ACTIVITY: A word-for-word copy of the following listing is needed. Leave out its images.

RAW DATA:
- - - - - - -

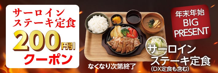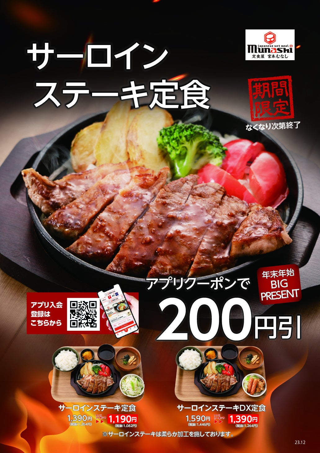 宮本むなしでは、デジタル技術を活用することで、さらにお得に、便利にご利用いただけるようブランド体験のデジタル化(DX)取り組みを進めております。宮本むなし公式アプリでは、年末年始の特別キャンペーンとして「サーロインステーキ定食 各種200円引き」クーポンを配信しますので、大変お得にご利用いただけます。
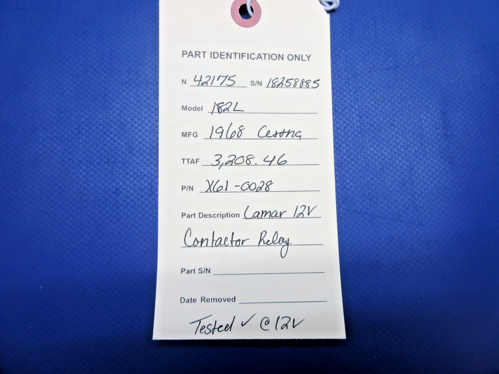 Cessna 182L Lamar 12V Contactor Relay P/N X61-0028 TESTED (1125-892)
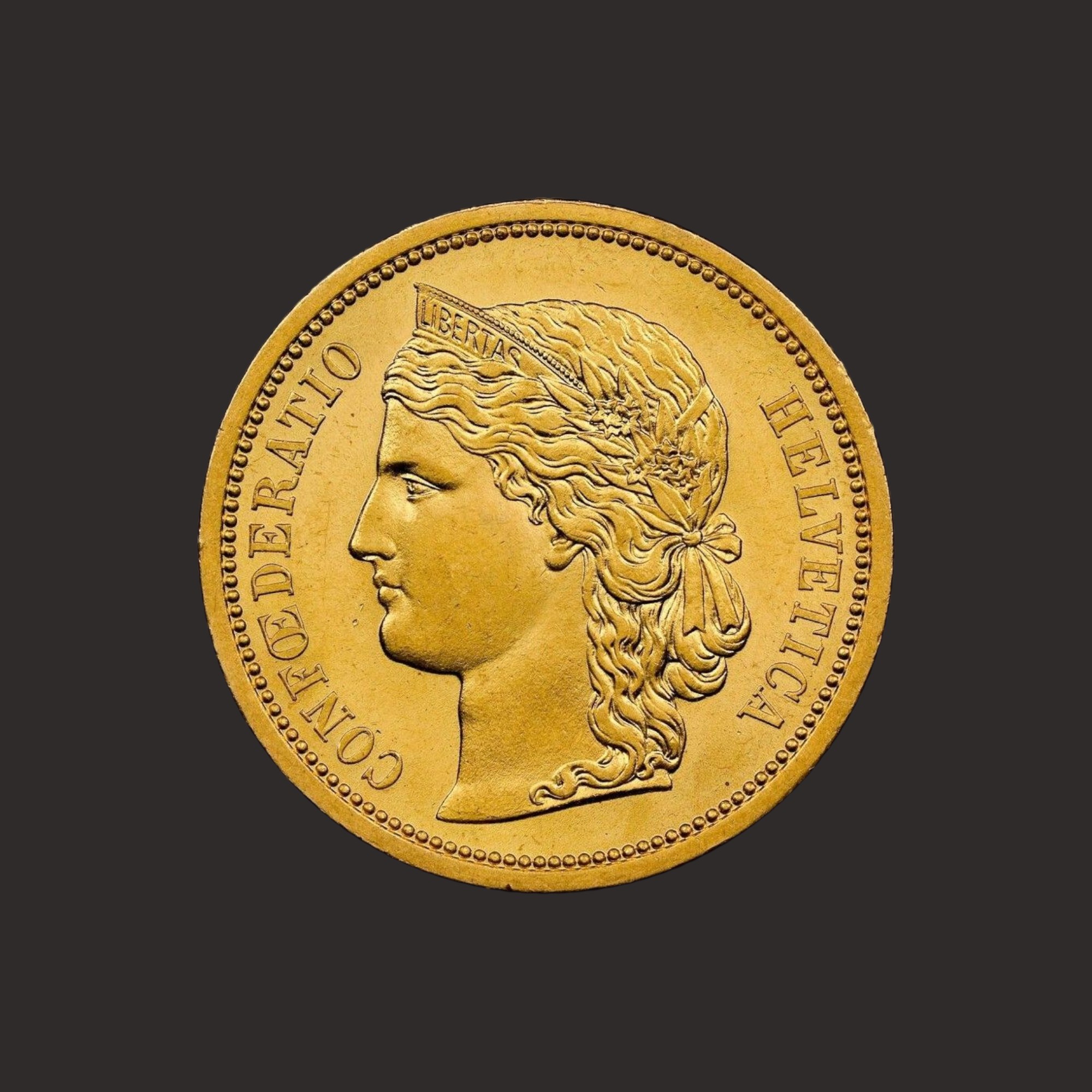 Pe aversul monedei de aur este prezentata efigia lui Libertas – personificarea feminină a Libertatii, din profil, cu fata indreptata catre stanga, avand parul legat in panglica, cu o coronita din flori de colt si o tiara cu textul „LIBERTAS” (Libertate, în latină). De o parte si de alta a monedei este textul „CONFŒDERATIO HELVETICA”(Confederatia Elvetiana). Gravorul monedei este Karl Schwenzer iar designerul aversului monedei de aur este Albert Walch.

- - - - - - -

WRITTEN REPLY:
 宮本むなしでは、デジタル技術を活用することで、さらにお得に、便利にご利用いただけるようブランド体験のデジタル化(DX)取り組みを進めております。宮本むなし公式アプリでは、年末年始の特別キャンペーンとして「サーロインステーキ定食 各種200円引き」クーポンを配信しますので、大変お得にご利用いただけます。
 Cessna 182L Lamar 12V Contactor Relay P/N X61-0028 TESTED (1125-892)
 Pe aversul monedei de aur este prezentata efigia lui Libertas – personificarea feminină a Libertatii, din profil, cu fata indreptata catre stanga, avand parul legat in panglica, cu o coronita din flori de colt si o tiara cu textul „LIBERTAS” (Libertate, în latină). De o parte si de alta a monedei este textul „CONFŒDERATIO HELVETICA”(Confederatia Elvetiana). Gravorul monedei este Karl Schwenzer iar designerul aversului monedei de aur este Albert Walch.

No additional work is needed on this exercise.